After segmentation, binary prediction masks are used to compute:

Total liver volume
Tumor volume
Tumor-to-liver volume ratio

These quantitative results, along with segmentation summaries, are provided as structured input to MedGemma, which generates an automated clinical-style report. The original base model used for quantization is: MedGemma 1.5-4B (Google)
https://huggingface.co/google/medgemma-1.5-4b

Quantization

The MedGemma 1.5-4B model was quantized to 4-bit precision using the bitsandbytes library in order to:

Reduce GPU memory usage
Enable deployment on hardware with limited computational resources
Maintain acceptable performance while optimizing inference speed

Training Details

Dataset: Images from the public 3Dircadb dataset (3D Image Reconstruction for Comparison of Algorithm Database).
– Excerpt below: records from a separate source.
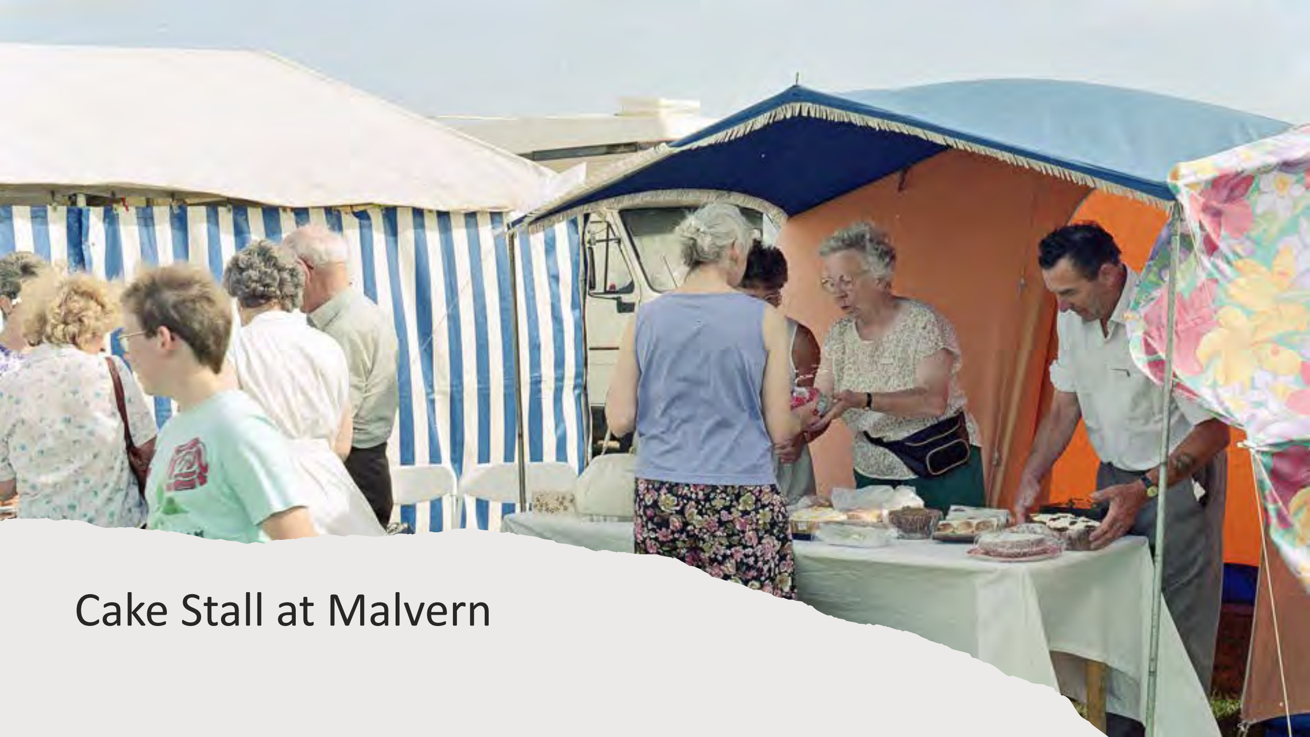
Cake Stall at Malvern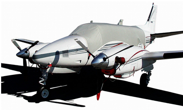
King Air Canopy Cover, Engine Plugs, Prop-Tie/Exhaust Covers

Travel Covers are made with Silver Solution-Dyed Polyester fabric and only lined over the windshield to save weight. The material is lightweight and more compact for easy stowage in the aircraft. The polyester material is water resistant, but only intended for occasional use outside. We also have an ultra lightweight material available for fitted hangar dust covers. For daily outdoor use, the non-travel Sunbrella Cover is the best choice.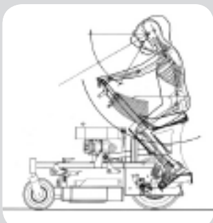
Operator is placed in the ideal ergonomic position to mow.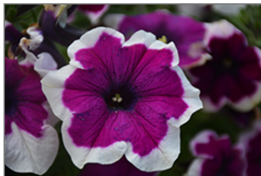
Crazytunia Passion Punch Petunia flowers

This plant will require occasional maintenance and upkeep. Trim off the flower heads after they fade and die to encourage more blooms late into the season. It is a good choice for attracting butterflies and hummingbirds to your yard, but is not particularly attractive to deer who tend to leave it alone in favor of tastier treats. It has no significant negative characteristics.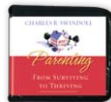
Parenting: From Surviving to Thriving by Charles R. Swindoll compact disc series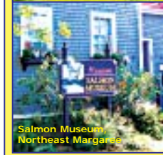
Salmon Museum, Northeast Margaree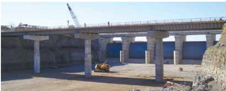
State Hwy 100 over Illinois River Lake Tenkiller Spillway - Vian, OK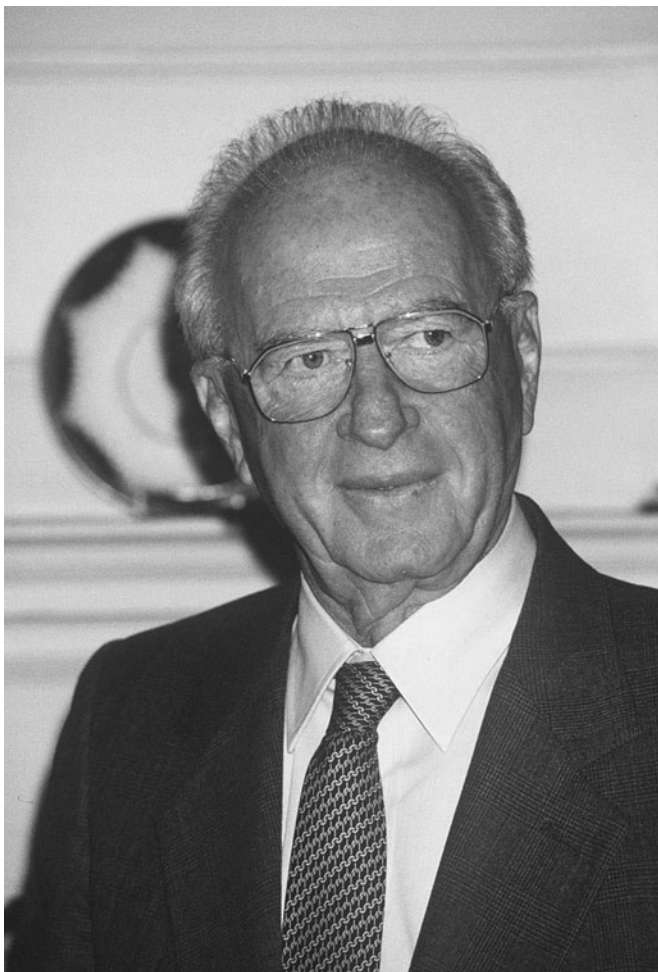
8. Israeli premier Yitzhak Rabin, 1994

The original CT volumes were converted into 2D slices and saved in JPEG format for training.
Input size: 256x256
Framework: TensorFlow (segmentation), Transformers (MedGemma)
Hardware: NVIDIA GPU

Multimodal Prompt Construction

The input prompt to MedGemma includes:

The image with segmentation overlay
Structured volumetric values:
- Liver volume
- Tumor volume
- Tumor ratio This multimodal design allows MedGemma to contextualize quantitative metrics using visual evidence, simulating radiological reasoning.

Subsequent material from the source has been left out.